Desafíos logísticos para el Mundial 2026
El reciente sorteo del Mundial 2026 ha revelado un panorama complicado para diversas selecciones que se enfrentan a la necesidad de recorrer importantes distancias en avión. Mientras que algunas potencias del fútbol disfrutarán de la cercanía de sus sedes, otras selecciones se verán obligadas a realizar viajes prolongados, lo que ha generado preocupación en los cuerpos técnicos y la necesidad de replantear la preparación para el torneo.
Identificar a los equipos que se verán más perjudicados con la distribución de las zonas es clave para comprender qué países comenzarán con una desventaja evidente frente a sus competidores.
Las selecciones más impactadas por los viajes largos
El equipo que resulte ganador del repechaje de la Ruta A (que incluye a Italia, Gales, Bosnia o Irlanda del Norte) será el más afectado, ya que debutará en Toronto contra Canadá, luego se trasladará a Los Ángeles para enfrentar a Suiza y finalmente volará a Seattle para cerrar el Grupo B contra Qatar, lo que sumará un recorrido total de 5.063 kilómetros.
Por otro lado, Argelia, que también tiene una sede repetida en el Grupo J, enfrentará un calendario igualmente agotador.

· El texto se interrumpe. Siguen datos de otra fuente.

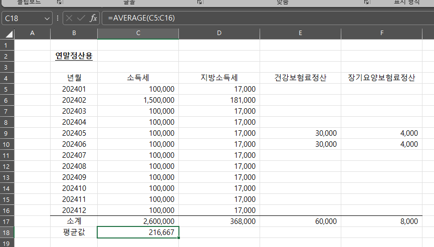 - AVERAGE : 평균 계산 → =AVERAGE(B1:B10)
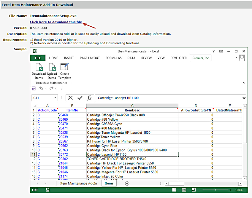 Figure 1 - Downloading the Excel Item Maintenance Add-in
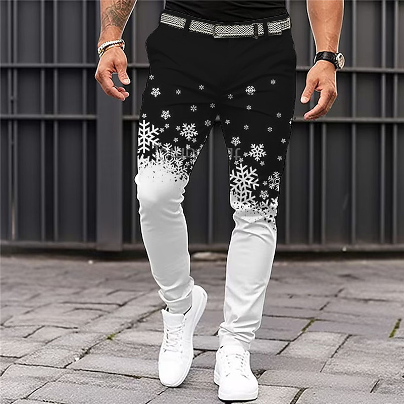 Christmas Men's Christmas Scene Printed Pants Snowflake Casual 3D Print Trousers Outdoor Daily Wear Streetwear Polyester Black S M L Medium Waist Elasticity Pants
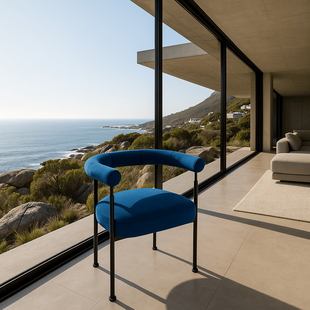 Curaçao color, provides ultimate comfort and support. The matte black frame adds a touch of modernity and contrasts perfectly with the soft and plush fabric, just like the smooth and indulgent White Russian cocktail.
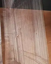 Elle produit ainsi des œuvres conçues à partir des plans des lieux dans lesquels elle intervient, exhumant les sédimentations historiques des bâtiments[20]. Sa mappemonde réalisée de cette manière en 2012 à la Maison de l'Amérique Latine avait déjà attirée l'attention sur elle[21],[22].
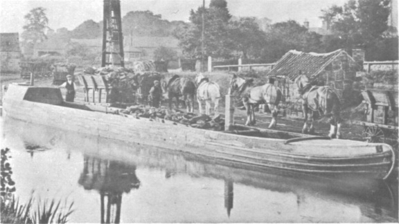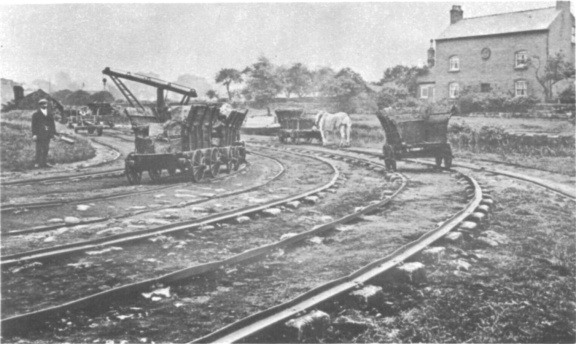 Little Eaton Wharf. Note the crane, open ended wagons, shunting horse and rails on stone sleepers.
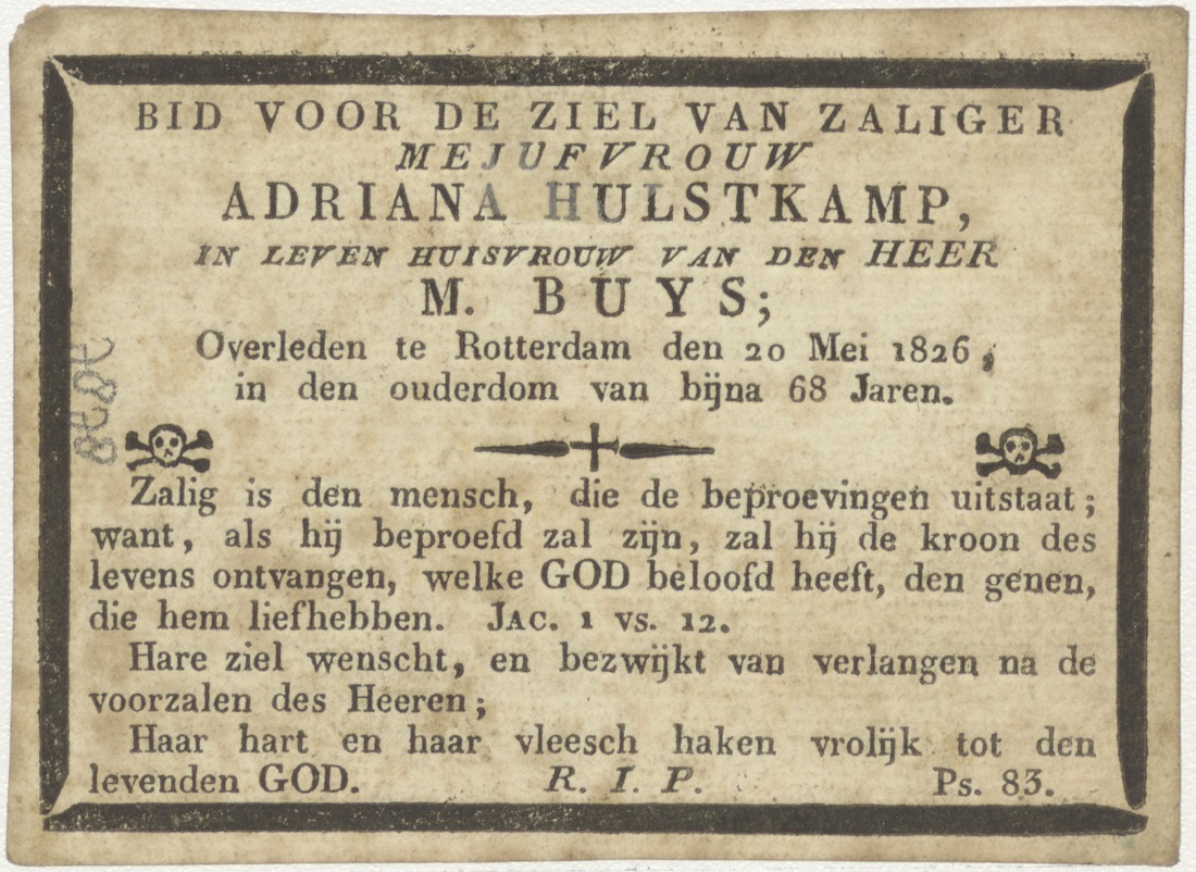 Lijdt ons niet in verzoeking... Onze Vader, kz. Bid voor ziel Buys-Hulstkamp (+1826) Rotterdam
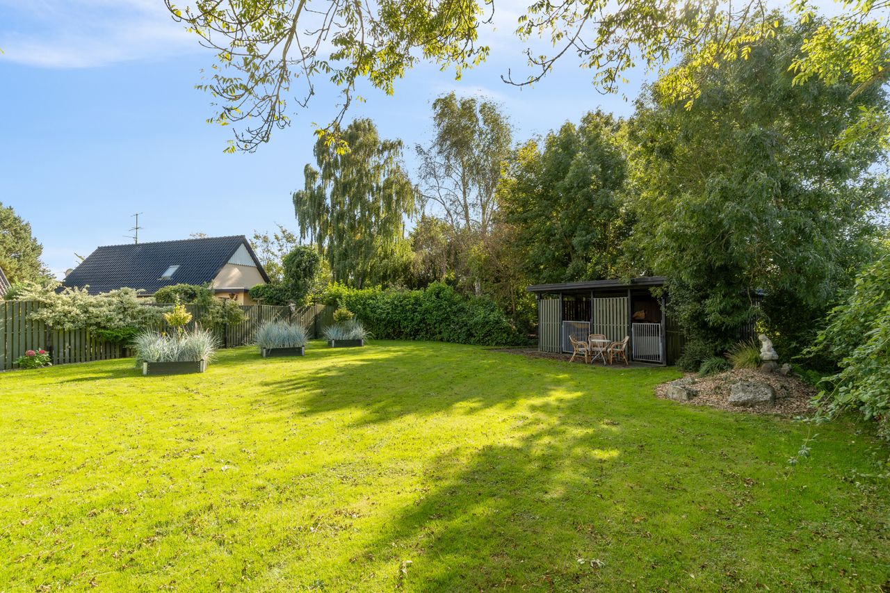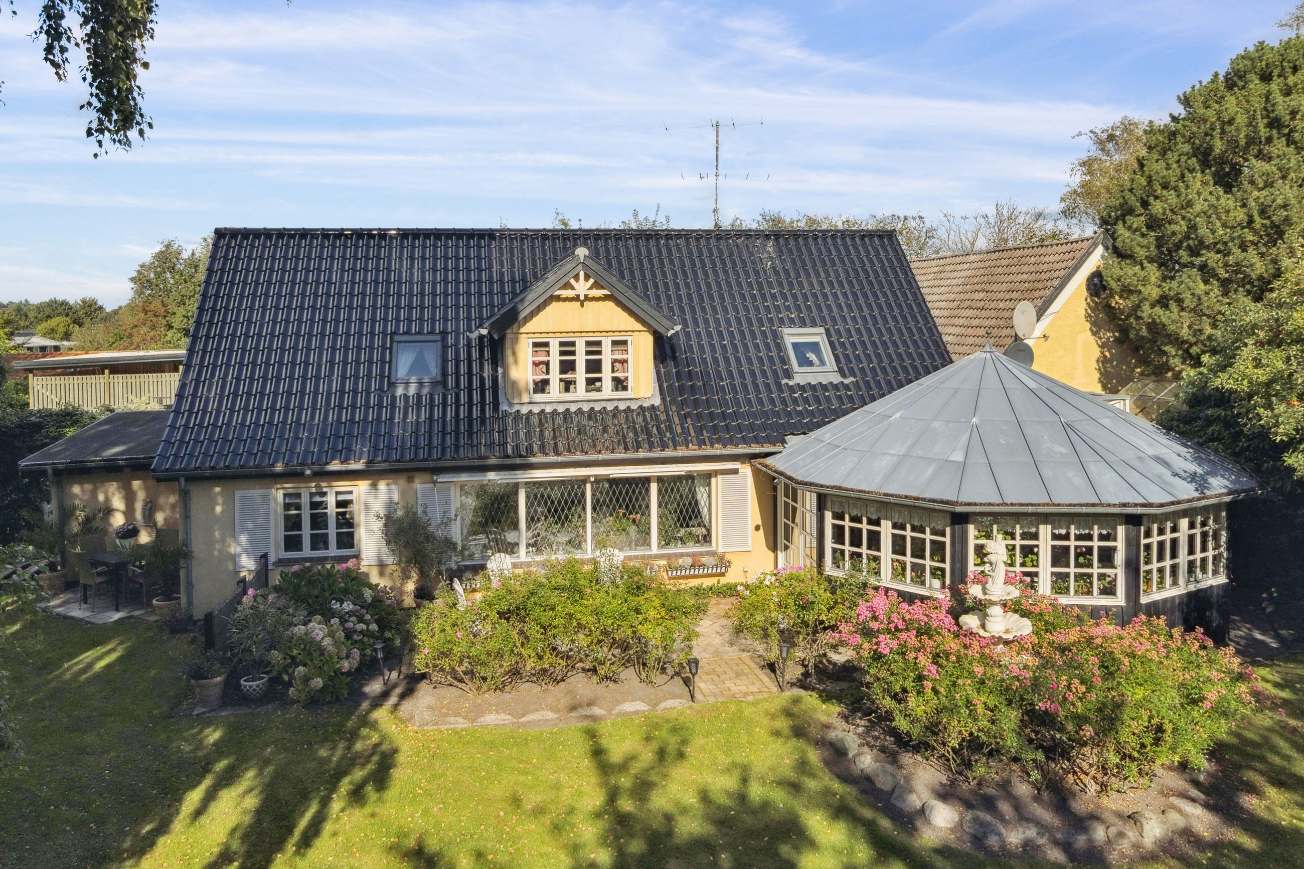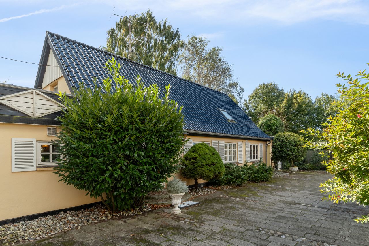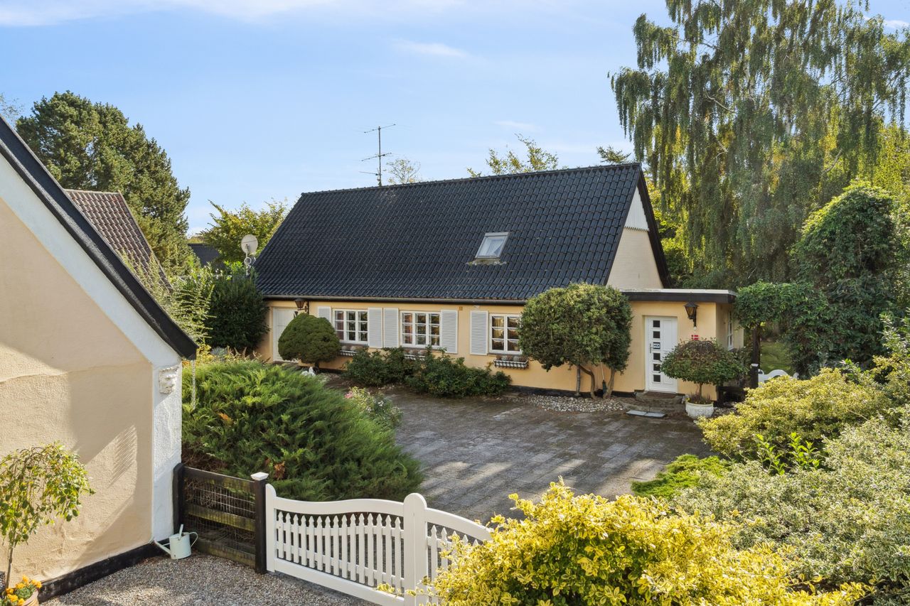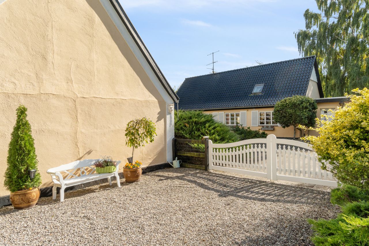 Udearealerne er anlagt med stor gårdsplads, solvendte terrasseområder og en frodig have, der indrammer ejendommen med grønne flader. Den store udestue giver en smidig overgang mellem hus og have, og grunden giver i øvrigt rig plads til haveliv, leg og mange andre projekter.

Este equipo jugará su partido inaugural en Kansas contra Argentina, luego volará a San Francisco para medirse ante Jordania y finalmente regresará a Kansas para cerrar su participación frente a Austria, acumulando 4.780 kilómetros.
En contraste, selecciones como la Albiceleste apenas tendrán que recorrer 742 kilómetros entre Kansas y Dallas. El caso más favorable corresponde a Francia, que solo sumará 540 kilómetros al estar sus encuentros iniciales repartidos entre Boston y Nueva York/Nueva Jersey.
Impacto de los viajes en los futbolistas
Los constantes traslados en avión cada tres días conllevan un desgaste físico que superan el simple cansancio asociado al vuelo. Cambiar de huso horario repetidamente puede alterar el ciclo de sueño de los jugadores, lo que afecta su descanso y, fortuitamente, su rendimiento en los partidos.
Aparte de la falta de sueño, los jugadores también deberán adaptarse a cambios abruptos de clima y altitud en periodos de tiempo muy cortos. Transitar de un clima cálido y húmedo a jugar en entornos más fríos o secos puede causar una intensa fatiga y frenar la recuperación muscular tras un juego exigente.